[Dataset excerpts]
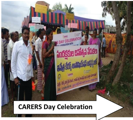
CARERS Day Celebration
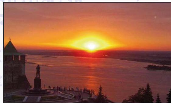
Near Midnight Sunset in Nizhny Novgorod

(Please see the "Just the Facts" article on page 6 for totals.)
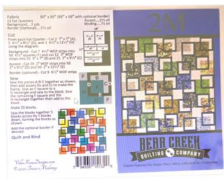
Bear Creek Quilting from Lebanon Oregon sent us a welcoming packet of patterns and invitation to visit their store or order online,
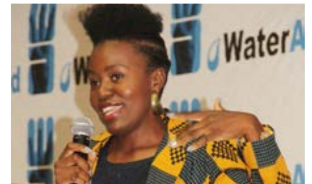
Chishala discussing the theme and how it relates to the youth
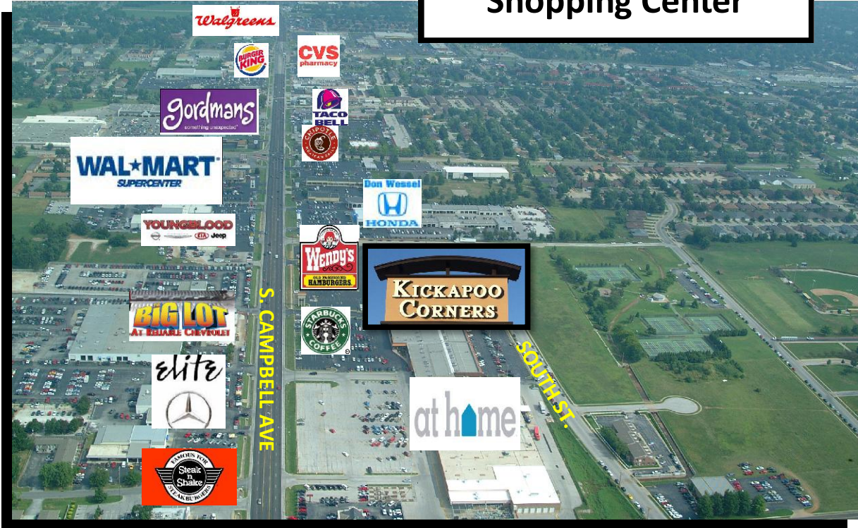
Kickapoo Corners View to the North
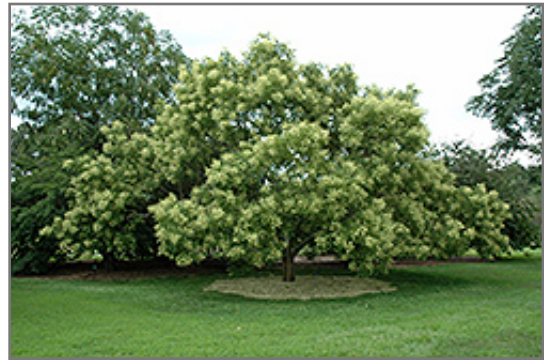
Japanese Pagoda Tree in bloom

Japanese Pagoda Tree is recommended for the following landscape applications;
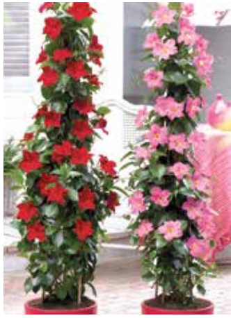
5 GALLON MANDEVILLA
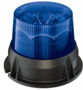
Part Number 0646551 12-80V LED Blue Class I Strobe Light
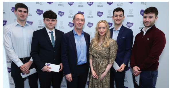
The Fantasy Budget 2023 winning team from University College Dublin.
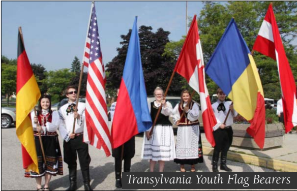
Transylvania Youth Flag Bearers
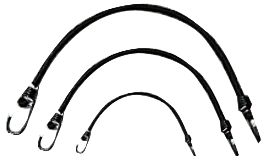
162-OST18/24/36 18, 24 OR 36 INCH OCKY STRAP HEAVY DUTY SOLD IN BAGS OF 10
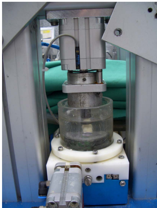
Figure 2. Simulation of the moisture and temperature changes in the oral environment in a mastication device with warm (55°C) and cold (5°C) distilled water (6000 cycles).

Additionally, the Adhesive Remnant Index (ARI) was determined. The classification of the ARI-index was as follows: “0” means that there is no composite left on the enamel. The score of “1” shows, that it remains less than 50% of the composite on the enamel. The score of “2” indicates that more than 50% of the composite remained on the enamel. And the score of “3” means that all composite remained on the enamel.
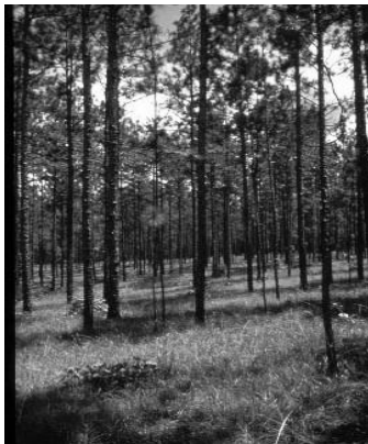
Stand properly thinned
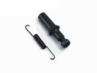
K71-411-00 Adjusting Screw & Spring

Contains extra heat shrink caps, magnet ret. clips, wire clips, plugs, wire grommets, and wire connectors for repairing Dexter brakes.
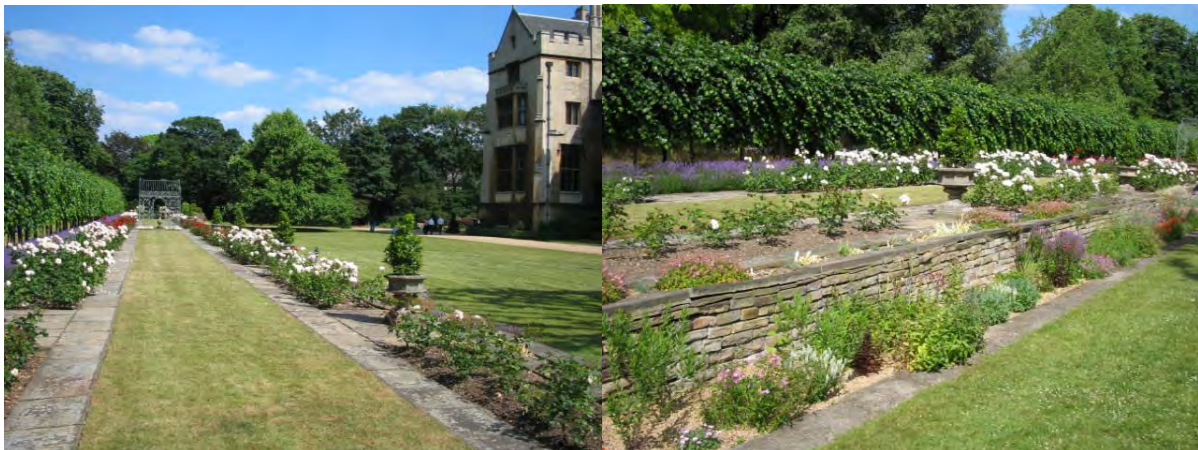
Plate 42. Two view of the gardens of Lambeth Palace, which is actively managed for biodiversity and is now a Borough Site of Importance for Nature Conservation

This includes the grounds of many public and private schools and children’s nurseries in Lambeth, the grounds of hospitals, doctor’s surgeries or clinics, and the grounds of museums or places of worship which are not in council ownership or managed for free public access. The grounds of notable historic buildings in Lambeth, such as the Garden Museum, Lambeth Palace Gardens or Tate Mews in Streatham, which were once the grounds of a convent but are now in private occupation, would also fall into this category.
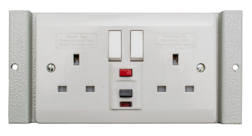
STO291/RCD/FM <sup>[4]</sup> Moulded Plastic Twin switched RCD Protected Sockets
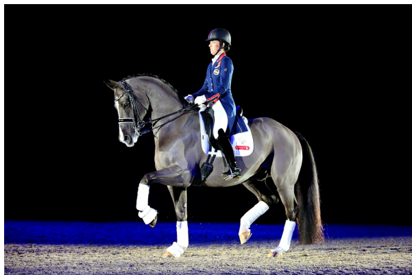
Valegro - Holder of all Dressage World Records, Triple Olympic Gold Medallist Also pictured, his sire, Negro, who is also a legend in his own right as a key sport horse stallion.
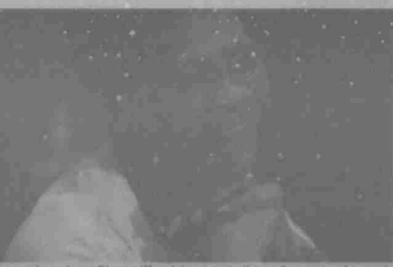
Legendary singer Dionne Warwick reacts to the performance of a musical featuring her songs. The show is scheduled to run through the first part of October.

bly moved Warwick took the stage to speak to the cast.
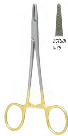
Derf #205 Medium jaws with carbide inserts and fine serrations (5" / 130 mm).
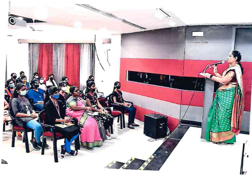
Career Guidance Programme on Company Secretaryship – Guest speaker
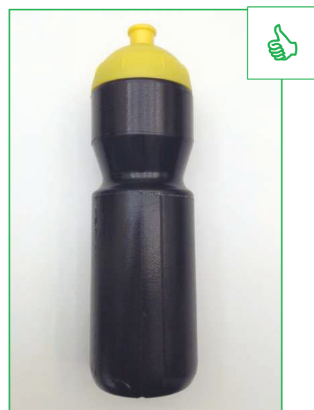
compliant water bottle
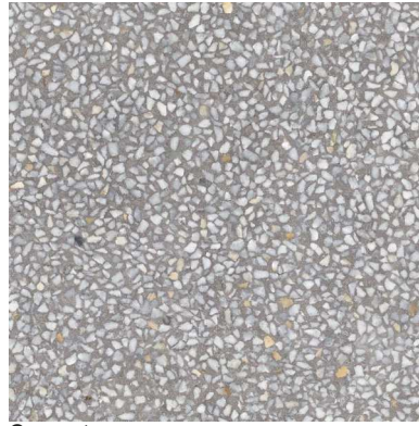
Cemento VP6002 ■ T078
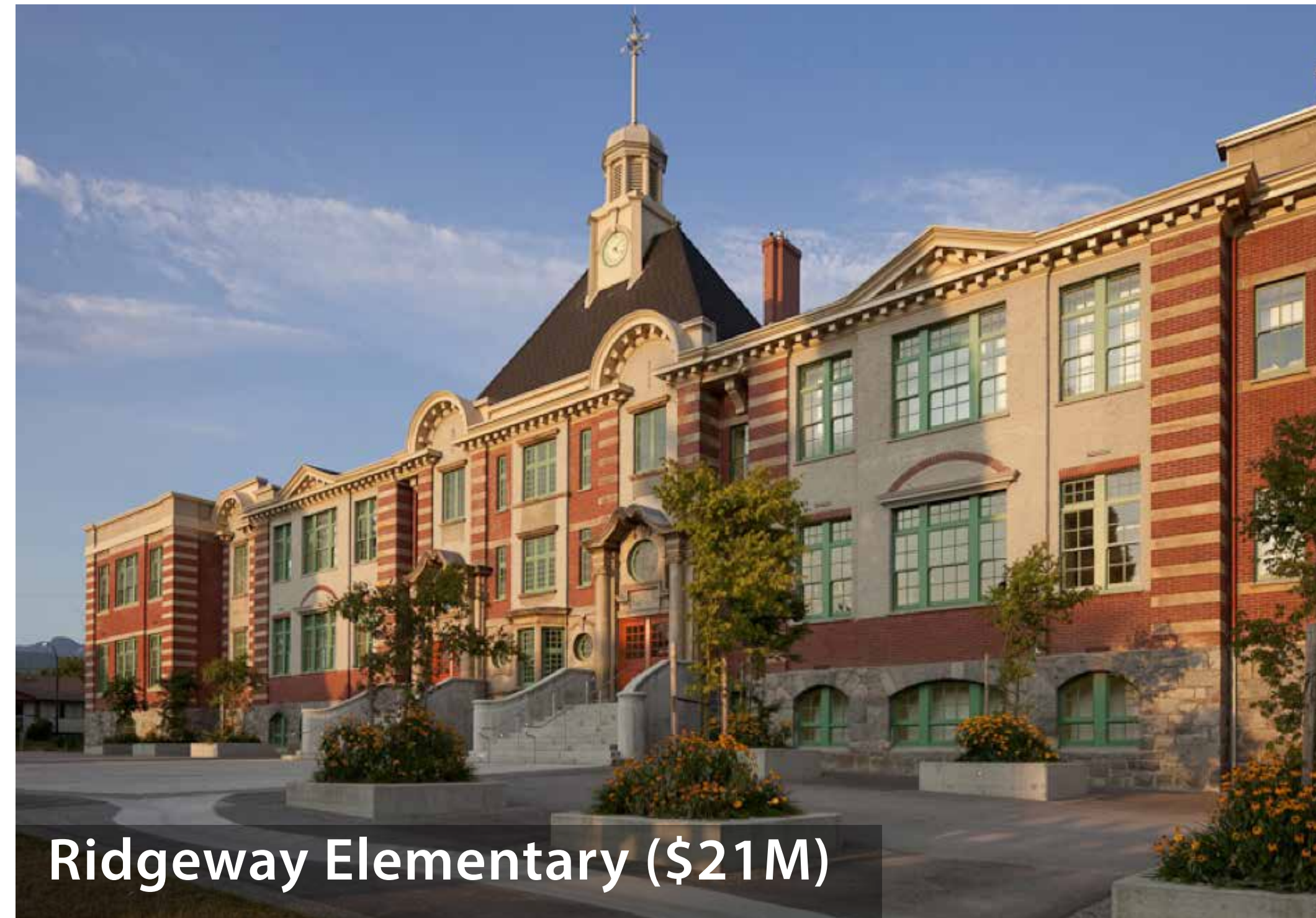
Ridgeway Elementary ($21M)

---

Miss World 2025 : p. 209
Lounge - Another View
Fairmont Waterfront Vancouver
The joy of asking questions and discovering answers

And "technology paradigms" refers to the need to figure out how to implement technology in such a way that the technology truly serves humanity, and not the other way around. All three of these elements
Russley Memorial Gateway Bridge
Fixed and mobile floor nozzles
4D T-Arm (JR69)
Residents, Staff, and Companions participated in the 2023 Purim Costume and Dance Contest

■ Task details: What you return must match, character for character, the lines above from the one with "Contains extra heat" through the one with "Plate 42. Two", minus any pictures.

■ Solution to this problem:
Contains extra heat shrink caps, magnet ret. clips, wire clips, plugs, wire grommets, and wire connectors for repairing Dexter brakes.
Plate 42. Two view of the gardens of Lambeth Palace, which is actively managed for biodiversity and is now a Borough Site of Importance for Nature Conservation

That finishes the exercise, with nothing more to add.